- **Problem description**:
Set down, unchanged, the line holding "场地上,孩子们小脸被阳光晒得" and all lines that follow it to the end of the material, leaving pictures out.

- **Recorded information**:

=-=-=-=-=

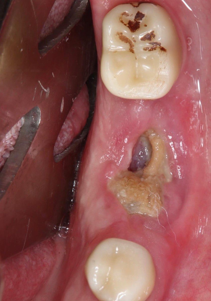 An Update on Management of Medication-Related Osteonecrosis of the Jaw (MRONJ). The AAOMS revised their position paper on MRONJ last year (2022), which is updated from 2014. A few key points: - New meds as risk factors for MRONJ: Tyrosine kinase inhibitors (TKIs such as sunitinib, monoclonal antibodies (bevacizumab), fusion proteins (aflibercept), mTOR inhibitors (everolimus), radiopharmaceuticals (radium 223), selective estrogen receptor modulators (raloxifene) and immunosuppressants (methotrexate and corticosteroids) - Duration of medication therapy DOES NOT significantly increase the risk of MRONJ - Bone turnover markers are NOT validated (ie CTX) for clinical decision making in regards to MRONJ risk - Dental implants should be avoided in cancer patients receiving IV antiresorptive or antiangiogenic medications (not new, necessary reminder) My patient has a history of lung cancer and treated with IV zometa. A few months prior to seeing me, had tooth 19 and implant 20 removed. She subsequently developed stage 2 MRONJ. We started her on pentoxifylline/Vit E for 2 weeks and amoxicillin prior to surgical debridement. We continued PENTE for two weeks post op and augmentin. She is healing beautifully 1 month out with no pain.
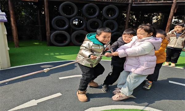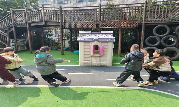 场地上,孩子们小脸被阳光晒得红扑扑的。随着老师一声令下,拔河比赛正式开始!小选手们紧紧攥住绳子,身体向后倾斜,双脚稳稳扎在地面上,使出浑身力气向自己的方向拉扯。有的孩子眉头紧锁、咬紧牙关,有的则涨红了小脸,眼神里满是不服输的韧劲。旁边的小伙伴们也自发组成啦啦队,挥舞着小手为队友加油鼓劲,稚嫩的呐喊声回荡在幼儿园里。
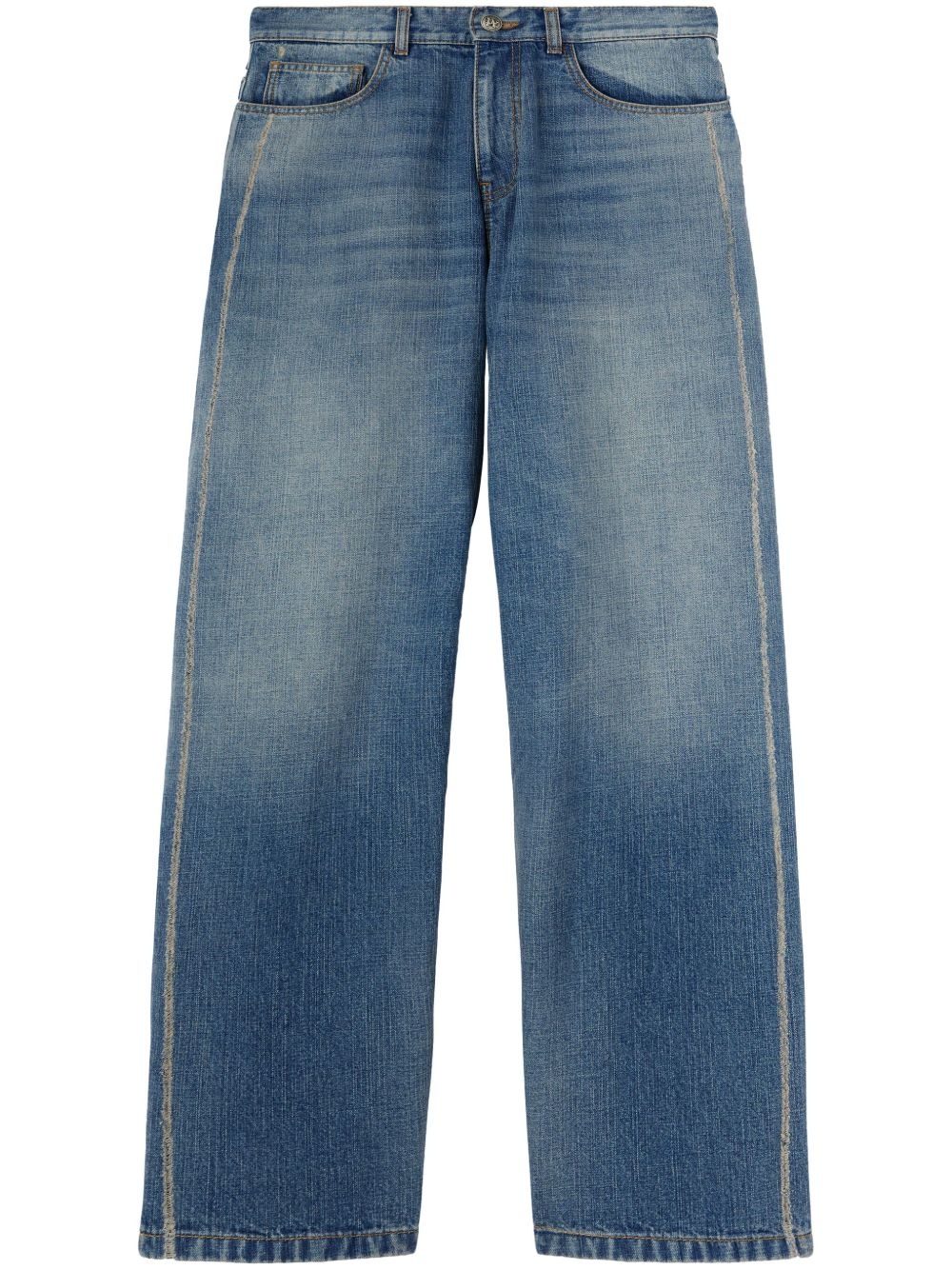 curved logo loose-fit jeans Highlights - Blue - Front button and zip fastening - Wide leg - Belt loops Made in Italy Composition Lining: Cotton 100% Outer: Cotton 100%

=-=-=-=-=

- **Result for this task**:
 场地上,孩子们小脸被阳光晒得红扑扑的。随着老师一声令下,拔河比赛正式开始!小选手们紧紧攥住绳子,身体向后倾斜,双脚稳稳扎在地面上,使出浑身力气向自己的方向拉扯。有的孩子眉头紧锁、咬紧牙关,有的则涨红了小脸,眼神里满是不服输的韧劲。旁边的小伙伴们也自发组成啦啦队,挥舞着小手为队友加油鼓劲,稚嫩的呐喊声回荡在幼儿园里。
 curved logo loose-fit jeans Highlights - Blue - Front button and zip fastening - Wide leg - Belt loops Made in Italy Composition Lining: Cotton 100% Outer: Cotton 100%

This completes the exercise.